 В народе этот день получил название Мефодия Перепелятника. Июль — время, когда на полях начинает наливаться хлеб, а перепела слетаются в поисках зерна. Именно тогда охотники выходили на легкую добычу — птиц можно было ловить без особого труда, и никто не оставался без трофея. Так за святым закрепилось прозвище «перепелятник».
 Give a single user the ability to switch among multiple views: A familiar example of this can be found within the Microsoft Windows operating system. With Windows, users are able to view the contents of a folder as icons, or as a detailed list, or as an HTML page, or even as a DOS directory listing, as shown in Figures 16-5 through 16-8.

____

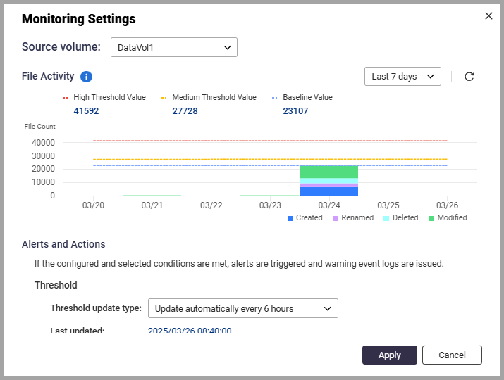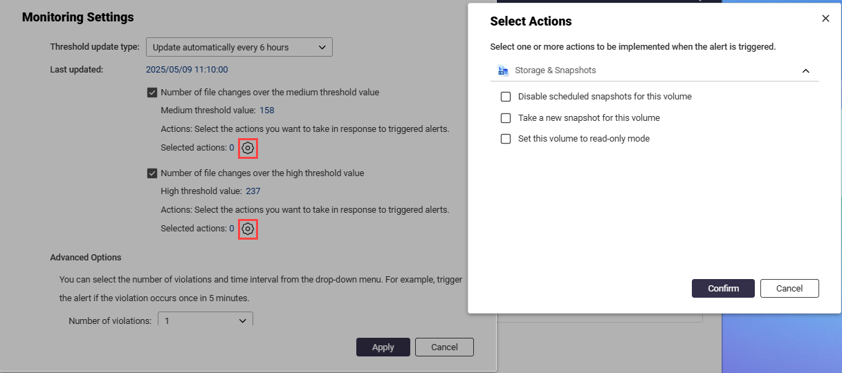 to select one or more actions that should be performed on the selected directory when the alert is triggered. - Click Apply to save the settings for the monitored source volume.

____

• Task instructions
Please, from the entries above, set down exactly the lines from the one containing "В народе этот" through the one containing "Give a single", and only those.

• Exercise result
 В народе этот день получил название Мефодия Перепелятника. Июль — время, когда на полях начинает наливаться хлеб, а перепела слетаются в поисках зерна. Именно тогда охотники выходили на легкую добычу — птиц можно было ловить без особого труда, и никто не оставался без трофея. Так за святым закрепилось прозвище «перепелятник».
 Give a single user the ability to switch among multiple views: A familiar example of this can be found within the Microsoft Windows operating system. With Windows, users are able to view the contents of a folder as icons, or as a detailed list, or as an HTML page, or even as a DOS directory listing, as shown in Figures 16-5 through 16-8.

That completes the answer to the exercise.